Danach sollte es funktionieren...   :Wink: 

Hinweis 2: Ich hab das Phänomän bei XFS Partitionen, daß ich ein bereits geklontes System nicht nochmal klonen kann... weil mit Partimage dann einen Error beim Bitmap Block ausspuckt... Workaround dafür - Partition auf eine andere umkopieren, original neu formatieren und wieder zurückspielen - dann geht auch das klonen.

cheers,

----------

## sambatasse

Krasses Ding DANKE

----------

## rblock

 *bloodcount wrote:*   

> nun wäre es vielleicht noch schön, wenn du uns mitteilen könntest wie ihr das gemacht habt =)
> 
> Welche Progs / Befehle / Scripte o.ä. =)

 

Das war alles individuell programmiert.  :Smile: 

Und die ganze Software gehört natürlich der Bank und darf nicht weiter gegeben werden. Ich durfte es logischerweise noch nicht mal mit nach Hause nehmen.  :Smile:   Würde ich es doch tun, würde ich mich strafbar machen.

Ich kann Dir aber verraten, dass es auch ein langer Weg war vom OS/2 Warp 3 Cloning bis zur aktuellen Version die als Webanwendung mit C++ und C# programmiert war. Im aktuellen System kann man von jedem Browser aus die Verwaltung aufrufen (natürlich vorausgesetzt man hat dazu die Berechtigung  :Wink:   ), sich den Status der Systeme ansehen und die Installationen aufrufen. Die Erstinstallation geht über normales Multicast mit Netzboot per V2i Server von Powerquest (jetzt Symantec) und früher mit Ghost von Symantec (ja, nicht nur MS kauft seine Konkurrenz auf  :Wink:   ).

Nach der Betankung mit dem Image wurden, je nach Sofwarekonfiguration verschiedene Scripte gestartet, die je nach System z.B. in REXX oder MSI-Pakete sind.
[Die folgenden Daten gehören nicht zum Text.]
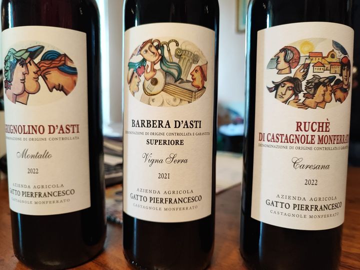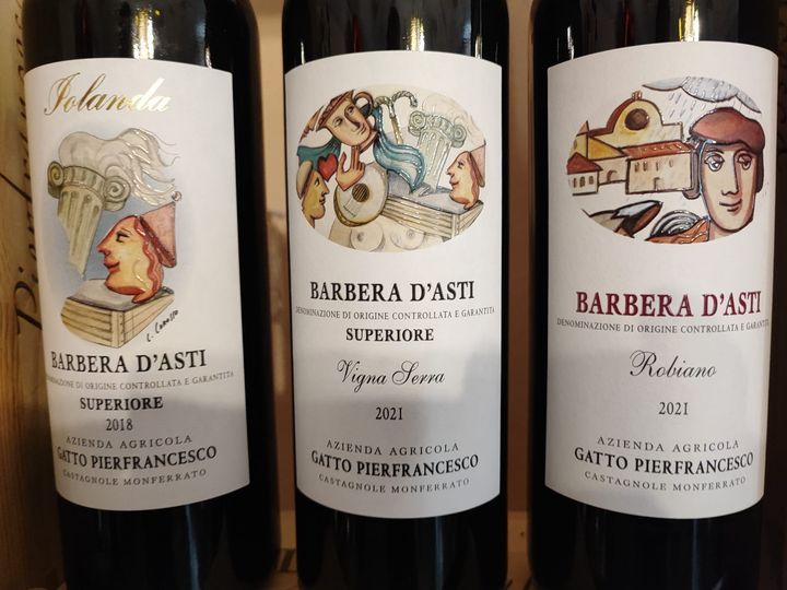 Il maestro pittore attore amato da tutti gli astigiani e non solo, Carlo Carosso, dipinge le etichette di tutte le tipologie di vino del Vignaiolo Pierfrancesco Gatto...
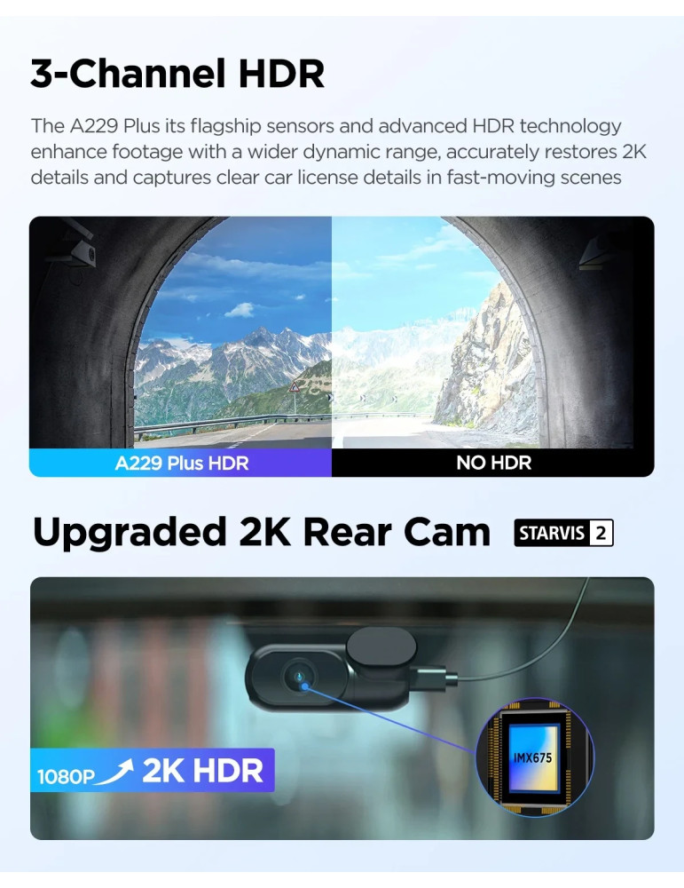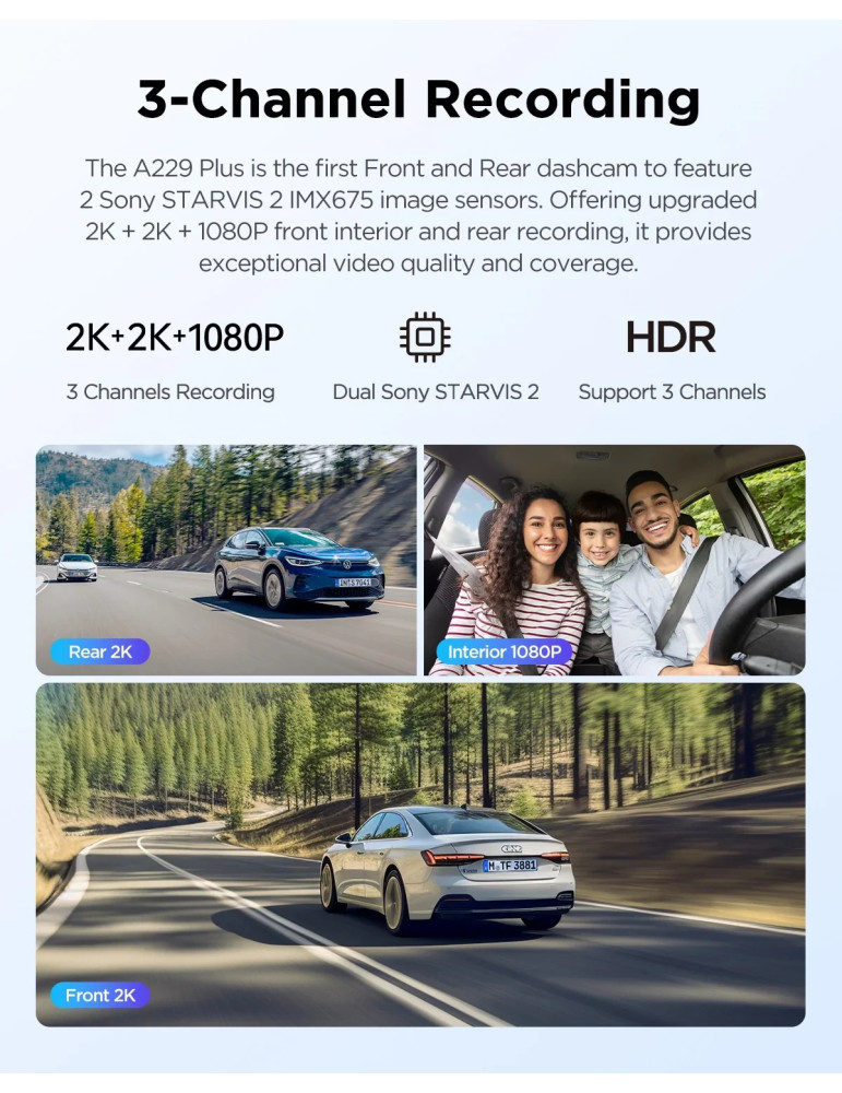 | ДРУГИ | 2K+2K+1080P - 3 Channels Recording Dual Sony STARVIS 2 Parking Mode Smart Voice Control ; Notification Super Night Vision 2.0 Ultra Fast 5GHz Wi-Fi Upgraded Infrared Cabin Recording |

Falls Du dies für eine Firma brauchst, kannst Du Dich an die  Sinius GmbH wenden. Da die Bank natürlich auch diese Abteilung ausgegliedert und letztendlich an SBS (Siemens Business Services) verkauft hat.

Anmerkende Grüße

----------

## rblock

 *sambatasse wrote:*   

> Dachte nur das die Offizelle Aussage von Microsoft und mein MCP reichen.

 

Logisch, denn die konnte oder können es selbst nicht.  :Wink:   Selbst viele andere Firmen waren nicht so weit wie das Engineering. Daher auch mein Hinweis auf die tolle andere Firma.  :Smile: 

Selbst andere Banken sind oder waren nicht so weit. Es gab auch andere Externe Mitarbeiter dort, die vorher bei anderen Banken (z.B. Fiduzia, oder wie das geschrieben wird, von den Volksbanken) gearbeitet hatten und dies immer wieder bestätigen konnten, ebenso wie die Mitarbeiter von SBS. Als SBS so langsam die Führung übernahm, haben sie zugegeben, dass das Sahnestück des Unternehmens war, da es in dieser Automationsstufe einmalig war. Sie wollten das natürlich haben, um damit auch anderen Unterehmen ihre Dienste verkaufen zu können.  :Smile: 

Aber auch dort musste gespart werden und daher bin ich nun schon gut ein Jahr nicht mehr bei dem Haufen.  :Wink: 

 *sambatasse wrote:*   

> Aber naja muss ich mich woll geirrt haben.
> 
> 

 

JAU!  :Wink: 

Quasselnde Grüße

----------

## rblock

 *Sas wrote:*   

> Wir jedenfalls setzen im Betrieb auch das selbe XP-Image für mehrere baugleiche Rechner ein.

 

Bei dem System von Sinius brauchen die Rechner nicht baugleich sein.  :Smile: 

Ungleiche Grüße

----------

## rblock

 *mortus wrote:*   

> also ich machs immer so:...

 

Also wenn man kein XFS benutzt geht es mit True Image einfacher: Boot-CD einlegen, Programm startet automatisch, Partitionen auswählen, Zielverzeichnis auswählen (kann auch ein Netzwerklaufwerk sein, dann muss dies nur vorher eingestellt werden, so wie IP, ggf. Gateway, ggf. DHCP-Server, ggf. DNS-Server usw.), Name und Kommentar eingeben und starten.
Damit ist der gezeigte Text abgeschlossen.